June 11, 1978 – The Speak & Spell is announced

Texas Instruments introduced the Speak & Spell at the Consumer Electronics Show in 1978. It was the first single-chip voice synthesizer, at a time when toys otherwise played voices back from a tape or phonograph record. A variant of the technology was used in the Electronic Voice Alert in Chrysler vehicles in the 1980s. The Speak & Spell had a vocabulary of 200 words, and went through several redesigns. The last was released in 1992. Today, musicians continue to use it as an instrument, sometimes modding it so it can create more sounds.

June 19, 1623 – Blaise Pascal is born

A YouTube video on how the Pascaline works

Blaise Pascal began working on his “Pascaline” mechanical calculator when he was 19. It had addition and subtraction functions, which could be repeated to multiply and divide. He intended it to help his father in his work as a supervisor of taxes. The Pascaline was the first calculator to be used in an office, but its expense and complexity limited sales. About twenty machines were built during Pascal’s short life (he died at 39). Nine of his calculators still exist today.

June 21, 1948 – The first program is runI

The Manchester Baby, also known as the Manchester Small-Scale Experimental Machine (SSEM), was the first computer to run a program stored electronically in its memory, rather than built into its hardware or stored on paper tape. It ran its first program on June 21, 1948, which was designed to find the highest proper factor of 2 to 18. The Baby found the solution after running 3.5 million operations in 52 minutes. The machine was a precursor to the first commercially available general purpose computer, the Ferranti Mark 1.

June 23, 1983 – Test of the Domain Name System (DNS)

The Stanford Research Institute once maintained a text file that matched simple host names to numerical ARPANET addresses, called HOSTS.TXT. But as the number of hosts grew, this and similar practices became unwieldy. In 1983, an automated Domain Name System was tested for the first time, the beginnings of the modern system we still use today.

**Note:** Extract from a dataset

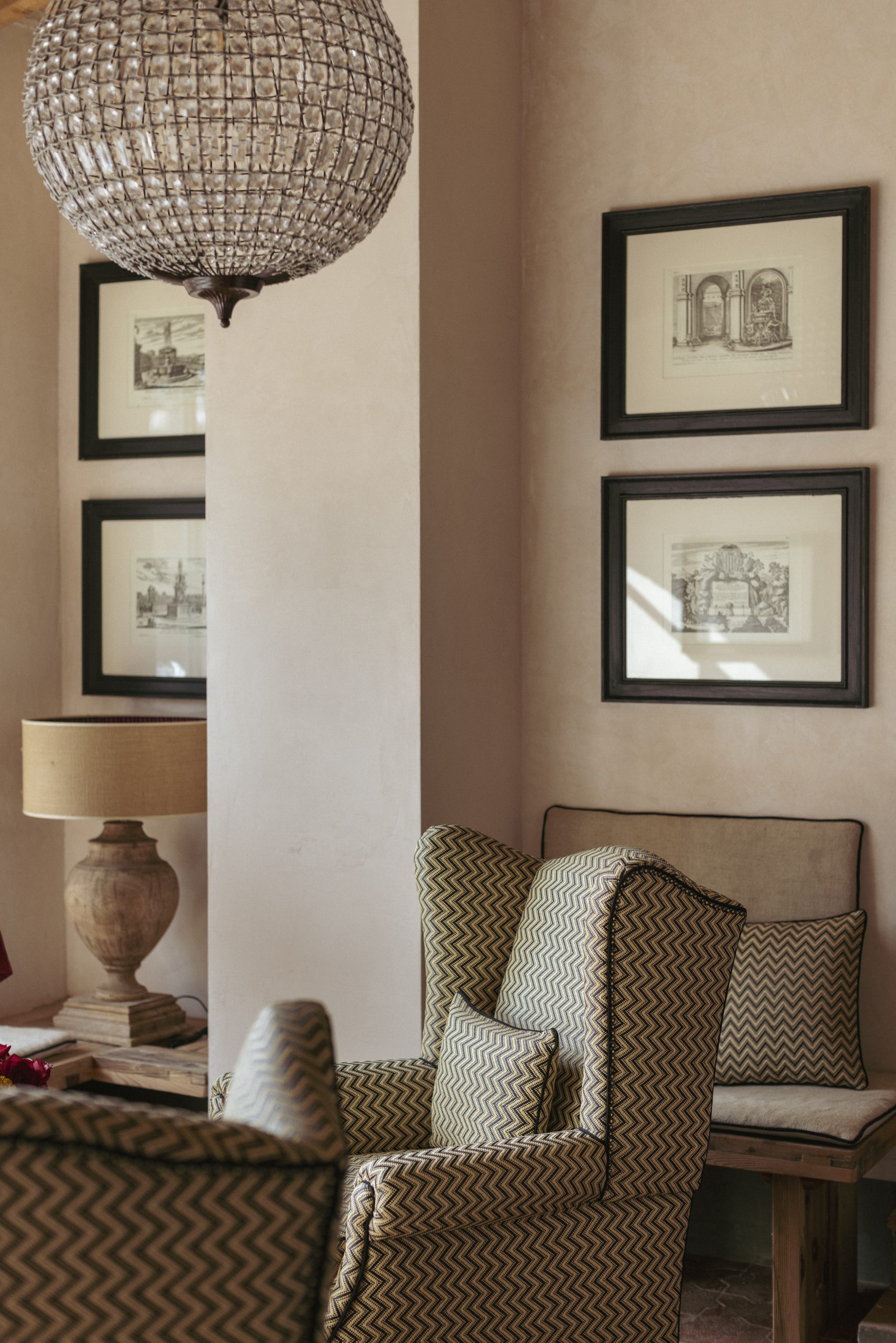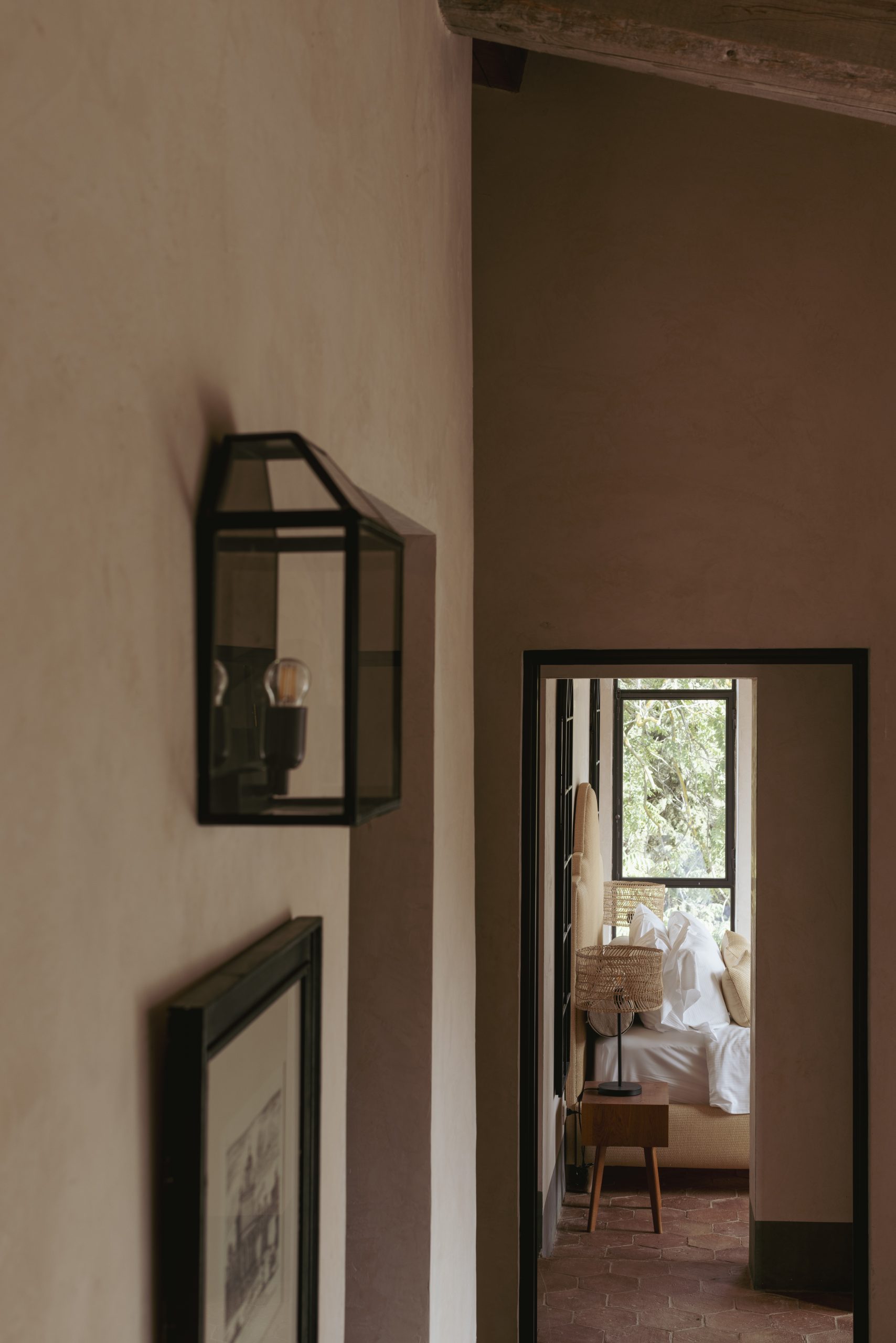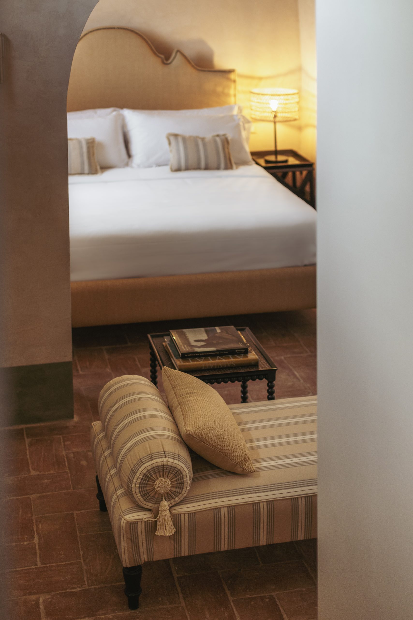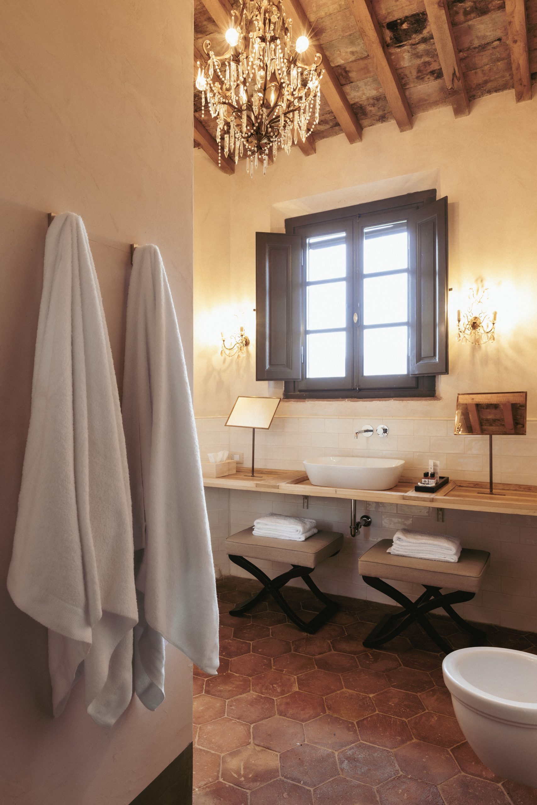 Stanze ampie con finestre grandi e piccole, tutte diverse, e gradini in cotto antico dalle fogge più varie. L’arredamento è in sintonia con i colori dell’edificio, la biancheria è color naturale come la calce viva delle pareti, la paglia di firenze calda come il legno grezzo degli arredi e ben si sposa con il color tufo dei muri esterni. Comodi letti, poltrone e chaise longue creano piacevoli angoli di conversazione. Anche qui le cantinette con i vini della fattoria e bagni con lavandini di recupero e dettagli unici.

June 23, 1912 – Alan Turing’s birth; June 7, 1954 – Turing’s death

Turing, Alan

British mathematician and computer scientist Alan Turing was born June 23, 1912, and died 41 years later on June 7, 1954. He theorized a “universal computer” that could run any program, known as a Turing Machine. His machine-assisted codebreaking might have shortened World War II by as much as two years, saving as many as 14 million lives.